Field Trial of a Flexible Real-time Software-defined GPU-based Optical Receiver
Sjoerd van der Heide, Ruben S. Luis, Benjamin J. Puttnam, Georg, Rademacher, Ton Koonen, Satoshi Shinada, Yohinari Awaji, Hideaki Furukawa,, Chigo Okonkwo

TL;DR
This paper presents a flexible, real-time software-defined GPU-based optical receiver capable of processing multiple modulation formats at high data rates, demonstrated through laboratory and field experiments over 91 km fiber.
Contribution
It introduces a novel GPU-based receiver that supports various modulation formats and real-time processing, enhancing flexibility and performance in optical communication systems.
Findings
Successfully processed multiple modulation formats at 2-16 GBaud.
Achieved real-time performance on off-the-shelf GPU hardware.

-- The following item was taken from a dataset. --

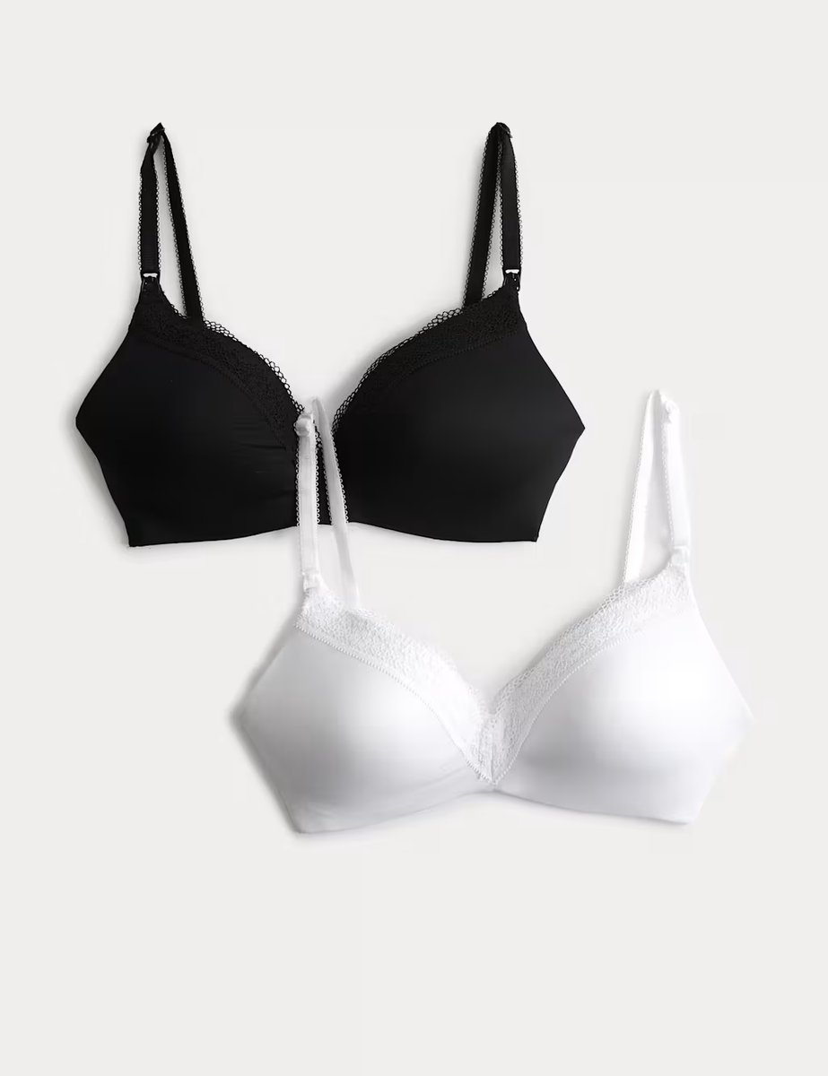 The M&S 2 Pack Jasmine Lace Trim Maternity Nursing Bra B-G White Mix is ideal for casual, work, lounge.

Demonstrated reliable operation over 91 km optical fiber link.
Abstract
We introduce a flexible, software-defined real-time multi-modulation format receiver implemented on an off-the-shelf general-purpose graphics processing unit (GPU). The flexible receiver is able to process 2 GBaud 2-, 4-, 8-, and 16-ary pulse-amplitude modulation (PAM) signals as well as 1 GBaud 4-, 16- and 64-ary quadrature amplitude modulation (QAM) signals, with the latter detected using a Kramers-Kronig (KK) coherent receiver. Experimental performance evaluation is shown for back-to-back. In addition, by using the JGN high speed R&D network testbed, performance is evaluated after transmission over 91 km field-deployed optical fiber and reconfigurable optical add-drop multiplexers (ROADMs).